Genetic and immunological evaluation of children with inborn errors of immunity and severe or critical COVID-19

J Allergy Clin Immunol. 2022 Sep 13;S0091-6749(22)01185-X. doi: 10.1016/j.jaci.2022.09.005. Online ahead of print.


Background: Most SARS-CoV-2 infected individuals are asymptomatic or only show a mild disease. In about 10% of cases, the infection leads to hypoxemic pneumonia, although it is much more rare in children.

Objective: We evaluated 31 young patients (0.5-19 years) who had pre-existing inborn errors of immunity (IEI) but lacked a molecular diagnosis and were later diagnosed with COVID-19 complications.

Methods: Genetic evaluation by whole-exome sequencing was performed in all patients. SARS-CoV-2 specific antibodies, autoantibodies against type I interferons (IFNs) and inflammatory factors in plasma were measured. We also reviewed COVID-19 disease severity/outcome in reported IEI patients.

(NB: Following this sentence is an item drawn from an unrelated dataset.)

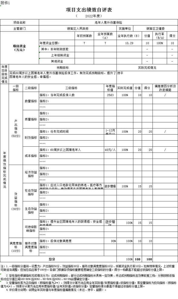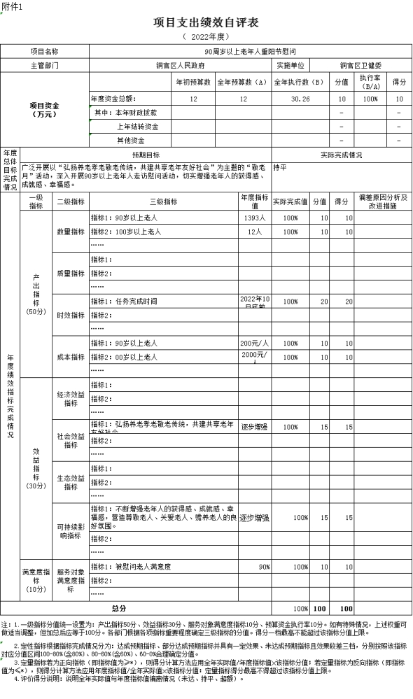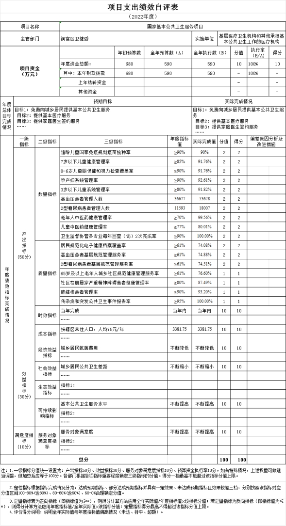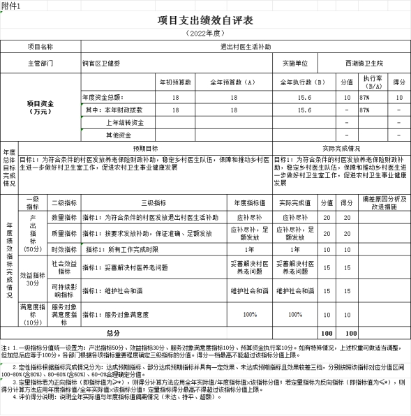 根据预算绩效管理要求,本部门组织对2022年度纳入部门预算的项目支出全面开展了绩效自评,共18个项目,涉及资金1859.22万元,占项目预算总额的52.6%。从评价情况看,基本完成预算绩效目标,保障基本运行,基本完成全区各项卫生健康工作;完成退休人员计划生育一次性奖励及终生无子女人员一次性补助经费、基本公共卫生服务(家庭医生签约服务)、完成妇幼疾病筛查(含产筛)项目工作任务等工作。

Results: A potential genetic cause of the IEI was identified in 28 patients (90.3%), including mutations that may affect IFN signaling, T and B cell function, the inflammasome, and the complement system. Fourteen of the patients tested (66%) had detectable virus-specific antibodies and two patients (6.8%) had autoantibodies neutralizing type-I IFNs. Five patients (16.1%) fulfilled the diagnostic criteria of multisystem inflammatory syndrome in children (MIS-C). Eleven patients (35.4%) died due to COVID-19 complications. Altogether at least 381 IEI children with COVID-19 have been reported in the literature till date. Although many asymptomatic or mild patients may not have been reported, severe presentation of COVID-19 was observed in 23.6% of the published cases and the mortality rate was 8.7%.

Conclusion: Young patients with pre-existing IEI may have a higher mortality as compared to children without IEI when infected with SARS-CoV-2. Elucidating the genetic basis of IEI patients with severe/critical COVID-19 may help to develop better strategies for prevention and treatment of severe COVID-19 disease and complications in pediatric patients.

Keywords: COVID-19; Inborn errors of immunity; SARS-CoV-2; genetic diagnosis; immune response; multisystem inflammatory syndrome in children (MIS-C); primary immunodeficiency.